Cunda Adası Rahmi Koç Müzesi
Tıpkı Ayvalık merkezde olduğu gibi bir Taksiyarhis Kilisesi de Cunda’da var. 1873 yılına tarihlenen kilise, neo klasik mimari üslubunda inşa edilmiş. Tek kubbesi olan bu kilise yakın bir geçmişte Rahmi M. Koç Müzecilik ve Kültür Vakfı tarafından müze olarak restore edilmiş. Adaya gelen herkesin mutlaka uğraması gereken Taksiyarhis Kilisesi, Rahmi Koç Müzesi olarak ziyarete açık.
Müzede buharlı iş makinaları, eski otomobiller, motosiklet ve bisikletler, çocuk ve bebek oyuncakları, bebek arabaları, tarihi fotoğraf makinaları, saat, daktilo modelleri, gündelik yaşamda kullanılan ev araç ve gereçleri sergileniyor.
Giriş ücretli, Müze Kart’ınız varsa indirimli olarak girebiliyorsunuz. Bahçesinde bir kafe ve müze shop’un da olduğu bu yapının serinliğini geride bırakıp ara sokaklardan yürüye yürüye yukarılara tırmanıyoruz.
Sağlı sollu sıralanan taş butik oteller, her bir sokağa ayrı bir renk katmış. Doğal yapının korunması, sürdürülebilir bir gelecek yolunda atılan adımlar beni hem mutlu ediyor hem de heyecanlandırıyor.
Birçok turistik beldenin tüketim hırsına kurban edilerek hızla doğallığından uzaklaştırılmasına tanık olurken; Alibey Adası bu doğallığı kaybetmesin diye dua ediyorum kendi kendime.
Sevim ve Necdet Kent Kitaplığı
Geçmişte Agios Yannis Kilisesi olan ve 1924 yılında gerçekleşen mübadele sonrasında bakımsızlıktan yok olma tehlikesi geçiren yapı, büyük bir titizlikle yapılan çalışmaların ardından Cunda’nın en iyi manzarasına sahip olan kültürel bir mekana dönüşmüş. Sevim ve Necdet Kent Kitaplığı ve beraberindeki yel değirmeni muhteşem manzarasıyla iyi bir soluklanma noktası.
Rahmi M. Koç Müzecilik ve Kültür Vakfı’nın 2007’de restore ettirdiği kitaplığa ilerleyen yaşı nedeniyle göz sağlığı bozulan, ‘Göremediğime değil, okuyamadığıma üzülüyorum’ diyen İşadamı Muhtar Kent’in babası, emekli büyükelçi Necdet Kent ve eşinin ismi verilmiş.

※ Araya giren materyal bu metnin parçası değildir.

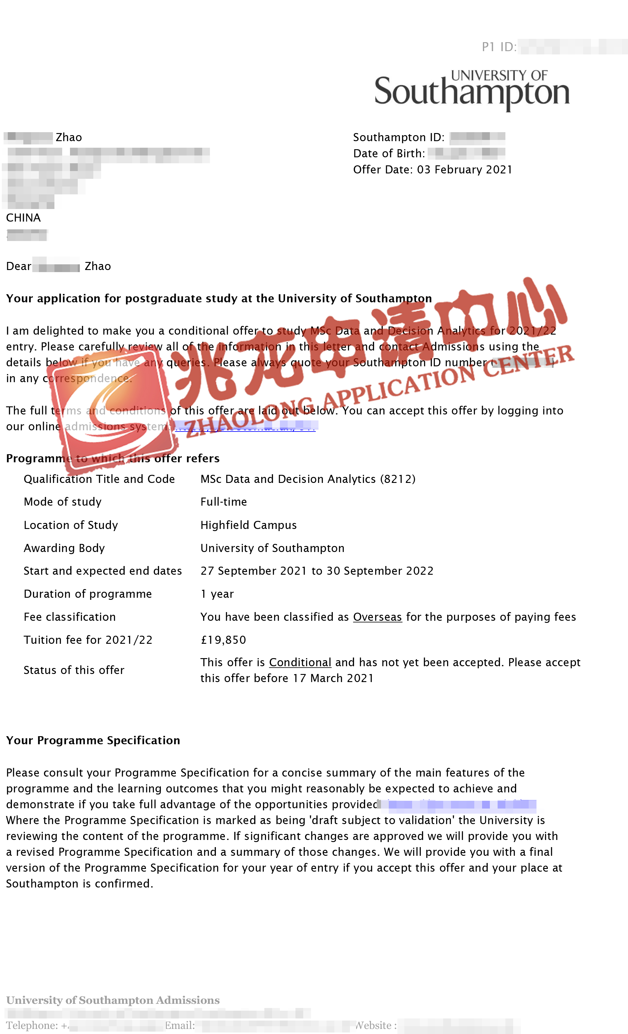 小年惊喜:北京师范大学-香港浸会大学联合国际学院统计专业GOA2.8,跨专业申请,获得英国University of Southampton (南安普顿大学)MSc in Data and Decision Analytics(数据与决策分析硕士) offer。

Kitaplıkta Necdet Kent’e ait bin 300’den fazla kitap bulunuyor. Kitaplığın önünde, manzaraya karşı bir şeyler yiyip içme imkanı sunan Panorama Cafe’den Midilli’yi izleyerek, anın keyfini çıkarın.
Cunda’yı keşfetmenin en keyifli yolu sokaklarda yürümek. Her yeni sokakta karşınıza çıkacak birbirinden etkileyici tarihi binalar ile adayla özdeşleşen kedi ve köpekler hoş fotoğraf karelerine de hayat veriyor.

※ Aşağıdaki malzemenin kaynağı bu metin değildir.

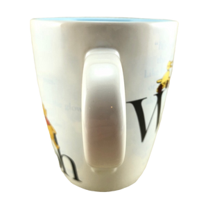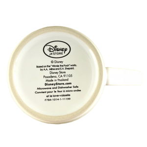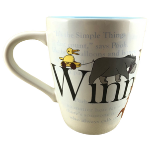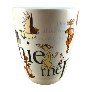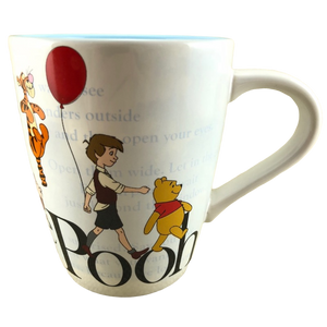 This super fun mug features all of your favorite Winnie The Pooh characters wrapping around its exterior surface walking together. The characters include Tigger, Piglet, Rabbit, Eeyore, Roo, Owl, and Christopher Robin. Christopher Robin is holding a red balloon.

Cunda’da Ege Denizi’nin serinliğini deneyimleyin
Kuzey Ege’nin en serin sularına sahip olan Cunda ve çevresinde denize girilebilecek çok sayıda seçenek var. İster günübirlik ister konaklamalı olarak yararlanabileceğiniz bu tesislerde sıcak havanın bunaltıcı etkisinden uzaklaşmak ve ferahlamak mümkün.
22 adadan oluşan Ayvalık Adaları Tabiat Parkı, el değmemiş, doğal kıyılarında su sporları, dalış ve yüzme aktivitelerine olanak sağlıyor. Serinlemek için tercih ettiğim Cunda Ada Kamping, ada üzerinde Midilli’ye karşı yüzülebilecek tek tesis özelliğinde.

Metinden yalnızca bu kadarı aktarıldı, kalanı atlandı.